> [Entries supplied]
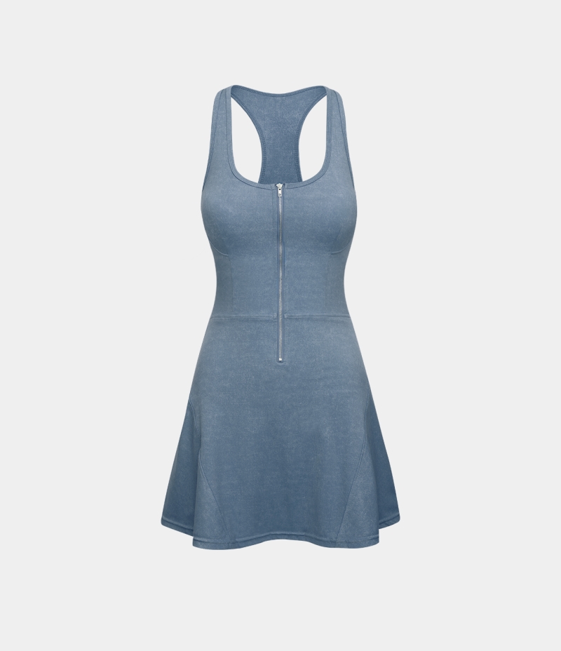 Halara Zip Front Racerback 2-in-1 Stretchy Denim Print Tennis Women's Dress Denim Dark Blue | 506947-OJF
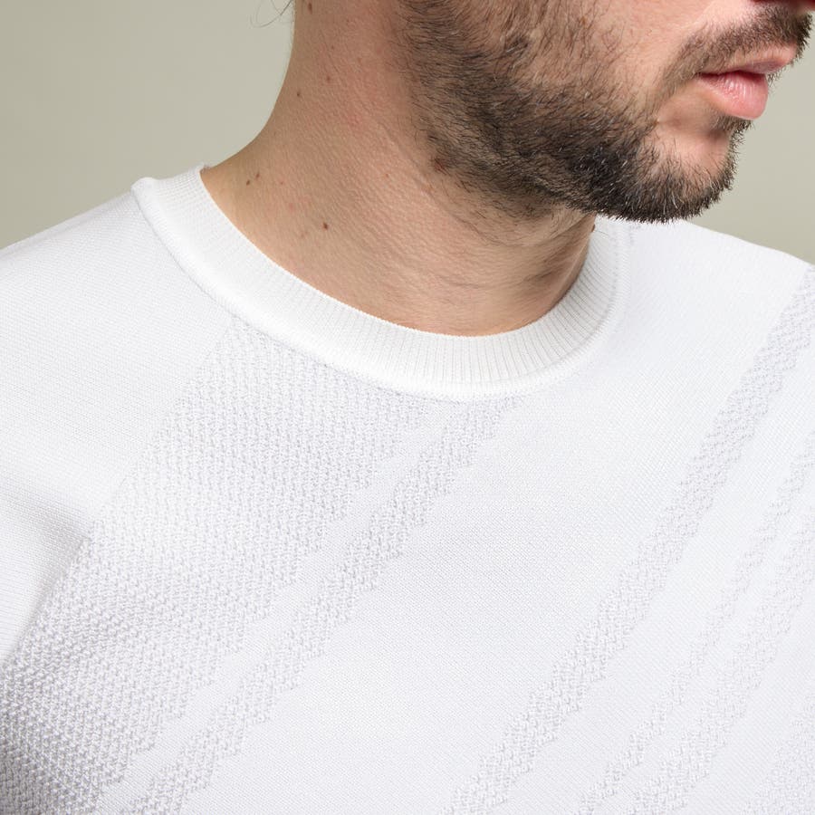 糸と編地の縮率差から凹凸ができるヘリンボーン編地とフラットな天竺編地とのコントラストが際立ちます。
---
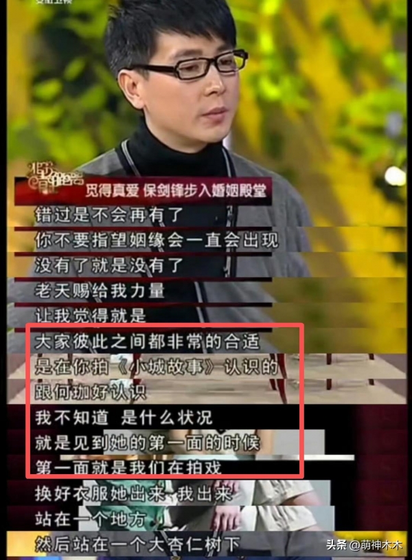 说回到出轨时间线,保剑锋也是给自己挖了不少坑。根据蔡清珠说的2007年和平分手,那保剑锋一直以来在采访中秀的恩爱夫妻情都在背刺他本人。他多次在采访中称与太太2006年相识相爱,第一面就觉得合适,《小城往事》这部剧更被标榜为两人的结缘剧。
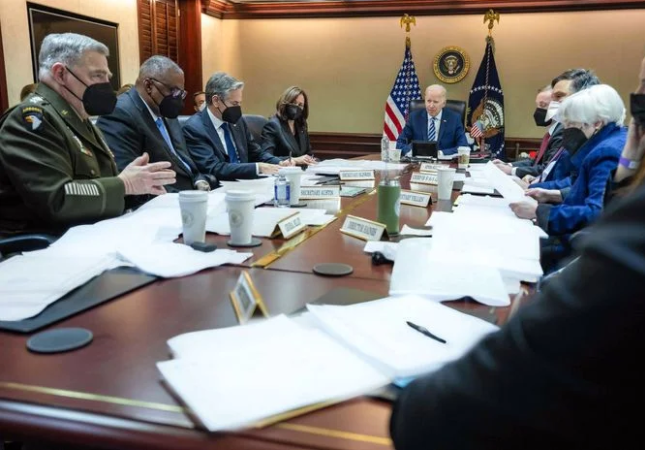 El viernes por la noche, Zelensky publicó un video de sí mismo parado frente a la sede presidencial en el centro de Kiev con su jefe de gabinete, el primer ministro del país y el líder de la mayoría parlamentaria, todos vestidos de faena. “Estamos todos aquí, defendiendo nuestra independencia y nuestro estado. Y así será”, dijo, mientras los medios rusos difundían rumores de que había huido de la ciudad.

> [Assignment]
From the records above, transcribe only the stretch from the line with "Halara Zip Front" through the line with "糸と編地の縮率差から凹凸がで", keeping both ends. Omit pictures.

> [Task solution]
 Halara Zip Front Racerback 2-in-1 Stretchy Denim Print Tennis Women's Dress Denim Dark Blue | 506947-OJF
 糸と編地の縮率差から凹凸ができるヘリンボーン編地とフラットな天竺編地とのコントラストが際立ちます。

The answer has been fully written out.